Using the glmulti package in R for exhaustive search multiple regression for akaike weights

I was wondering if someone could help me understand why I am getting an error message when I enter a script into R. For abit of background information I am looking into the effect 6 different variables (which I think is 63 combinations or models) (X) have on gross primary and net ecosystem production (Y) seperatly at different spatial scales for my environmental science honours project. I have decided to use exhaustive search multiple regression analysis with akaikes information criterion (AIC) to try and find a group of models for best fit. (and hierarchical partitioning to compare variance attributed to different X variables) I want to get the weights so I can rank which models "best meet" the criterion see if there is one or a group of them that outfit the rest and therefore be a more likely fit to the data.

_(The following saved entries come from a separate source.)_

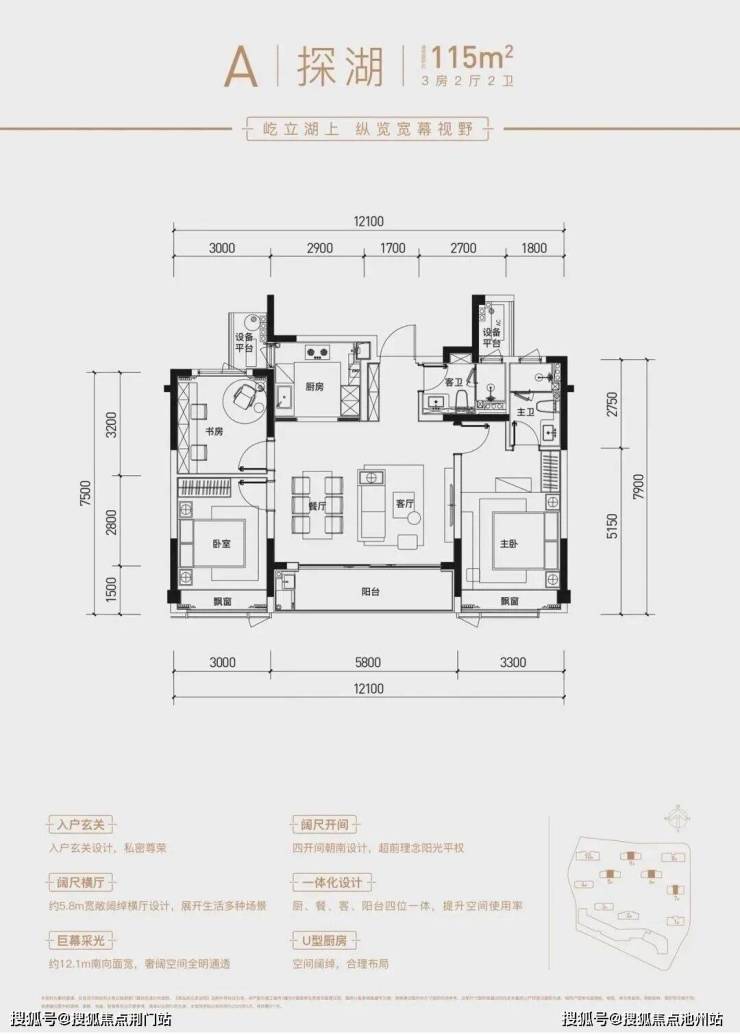 譬如,建面约115方三房两厅两卫,以三开间朝南搭配LDKB一体化阔厅,通过约27方餐客厅与观景阳台无缝串联,尺度彰显气势之外,与公区融合后,衍生出更多社交价值。
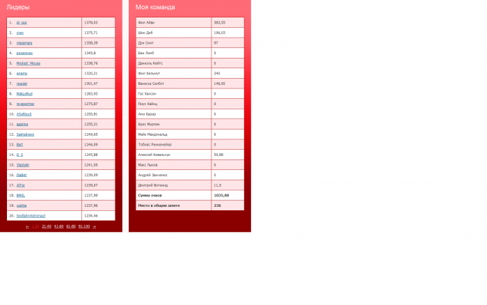 Бобёр @ 11.6.2012 Не знаю где спросить, поэтому здесь :) А можно сделать символическую дрим тим? То есть, после каждого пересчета публиковать наиболее оптимальную команду, но не тура, а всего всопа и то, сколько максимально можно было бы набрать очков, если бы кто то взял оптимальный состав.
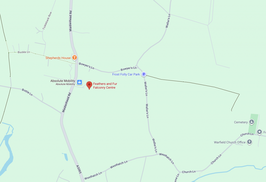 In 2021 Feathers and Fur Falconry Centre relocated to Moss End Garden Village in Bracknell. The Falconry Centre and Gift Shop are now open to the general public to see the birds, for all our experience sessions and birthday parties.

I recently posted a similar question on the hier.part package on Cross Validated received a great answer and was told to come here if I had any similar questions in the future.
The package I am using for R is glmulti. which can be found here
The script i am using is this
require(glmulti)
GPPANDDRIVER<-read.table("C:\\Databases at different scales for R\\River Rhine and Netherlands\\GPP and drivers rhineland (comma delimited).csv",header=T,sep=",")
GPP<-GPPANDDRIVER$GPP
IND_VARS<-subset(GPPANDDRIVER,select=-GPP)
# glmulti S4 generic
glmulti(y=GPP, xr=IND_VARS, data, exclude = c(), name = "glmulti.analysis", intercept = TRUE, marginality = FALSE, bunch=30, chunk = 1, chunks = 1,
level = 2, minsize = 0, maxsize = -1, minK = 0, maxK = -1, method = "h", crit = "aic", confsetsize = 63, popsize = 40, mutrate = 10^-3, sexrate = 0.1, imm = 0.3, plotty = TRUE, report = TRUE, deltaM = 0.05, deltaB = 0.05, conseq = 5, fitfunction = "glm", resumefile = "id", includeobjects=TRUE,)

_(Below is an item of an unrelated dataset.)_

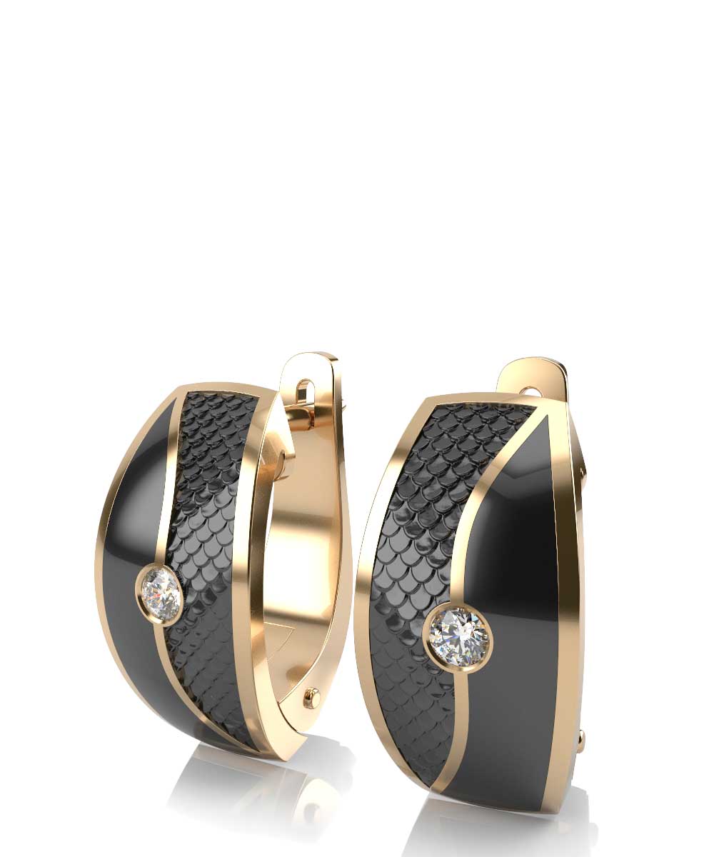 Серьги из желтого золота с черной керамикой и бриллиантами
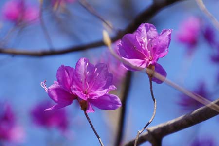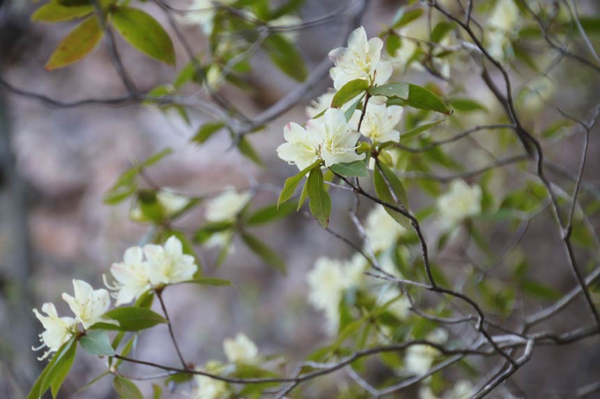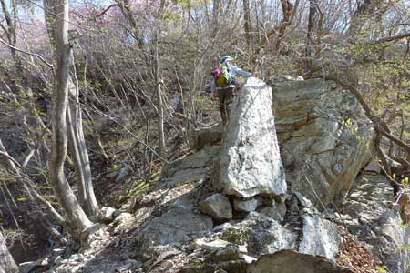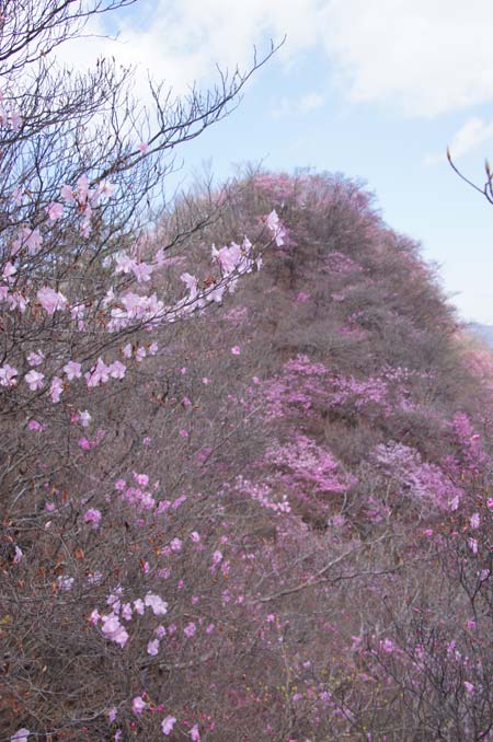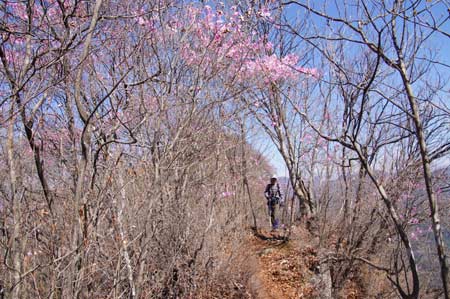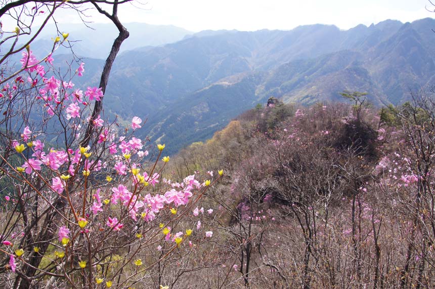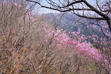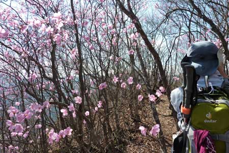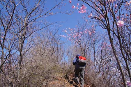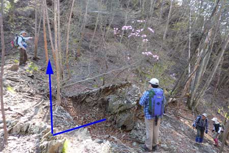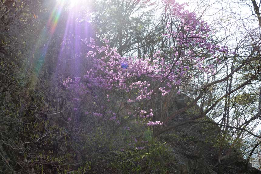 植生が杉林から広葉樹林に変わるとミツバツツジがお出迎え | ||||

Here is the link for the .csv data for sites in the rhineland mentioned in the example, http://www.filedropper.com/gppanddriversrhinelandcommadelimited
I am extremely new to R so I presumed popsize means the number of replicates which is 40 for this scale so I used 40, I also assumed confsetsize meant number of possible models which I believe is 63 due to the 6 variables?
If anyone could help it would be greatly appreciated
Thanks for you patience and apologies for the basic question
Richard
edit I just tried running the script this morning and it now crashes R.
This worked for me. I think the main thing is not to blindly include all the parameters in the model call. Most of these have default values, thus (if the package writer has done their job) you should be able to leave them as they are and not worry too much (although of course you should RTFM and (try to) understand what they mean ...)
dat <- read.csv("GPPdriversRhineland.csv")
library(glmulti)
I decided to rename the predictors with shorter tags:
prednames <- c("NDVI","solar.rad","avg.temp","precip",
"nutr.avail","water.cap")
names(dat)[1:6] <- prednames
This is all you need to fit all combinations of main effects: since you have six predictors, there are 64 level-1 models (including the null model).
g1 <- glmulti("GPP",xr=prednames,data=dat,level=1)
For a bigger computational challenge:
g2 <- glmulti("GPP",xr=prednames,data=dat,level=2)
I believe there are 2^(choose(6,2)+6) = 2.1 million possible models here. I haven't looked at ?glmulti closely enough to tell it how to stop fitting models. I just started it off (so far it has evaluated 66,000 models), but it has found a 2-level model with AIC about 500.5, which is much better than the min-AIC of 518 in the set of 1-level models ...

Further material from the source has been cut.